Athlinks started using GitLab CE in 2015, migrating over from GitHub. In January of 2018, the team adopted EE and after doing a GitLab CI proof of concept, they moved to Ultimate and away from Jenkins. “We quickly discovered that we really wanted the full suite of tools for the Agile and the product side, so we went to GitLab Ultimate,” explains Aaron Rorvig, DevOps manager.

The group previously had about 300 jobs in Jenkins and now are at less than 40. “We use a wide variety of languages and technologies -- pretty much every operating system, both Android and iOS. We’re all over the place and we use GitLab CI for all of it,” Aaron says. The Athlinks team estimates a 50% savings across the board, both in code and in time spent running jobs.

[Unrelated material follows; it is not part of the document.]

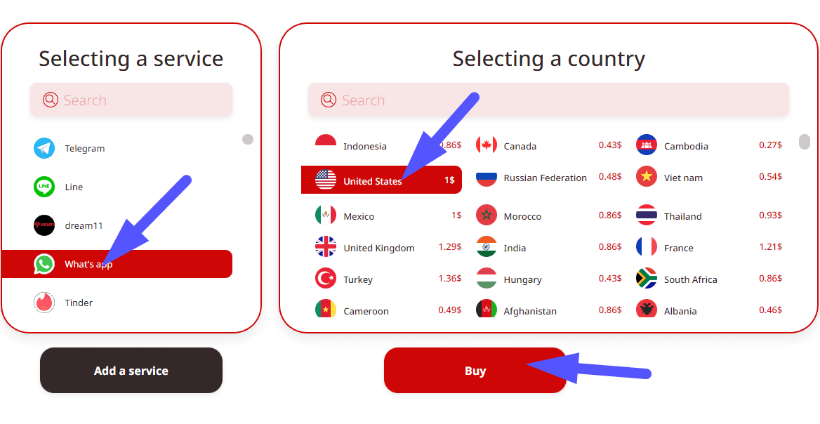 Buy a virtual number - specify the service for registration (WhatsApp) and the country.

Since all of the issues, the code, and CI pipelines are inside of GitLab, it provides a single view from start to finish. Each team can view all the issues and the labeling helps everyone understand what stage each project is in, how much work has been done, and what the next steps are. “GitLab is not necessarily all that opinionated about how you do issue tracking,” Christopher says. Everything can be tracked, even when the teams don’t use the same issue tracking, it can all exist in one place.

The issue templates provide structure for the all departments to understand what they need to fill out. “Engineering will get to it quicker without so much back and forth before a problem is actually solved,” Christopher says.

The communication among the marketing, DevOps and engineering teams is improving. “We’re getting marketing involved in this so we get better about communicating all the new features we’ve deployed this month, so that timers, race directors, and athletes will actually know about the work we’re doing,” Christopher says.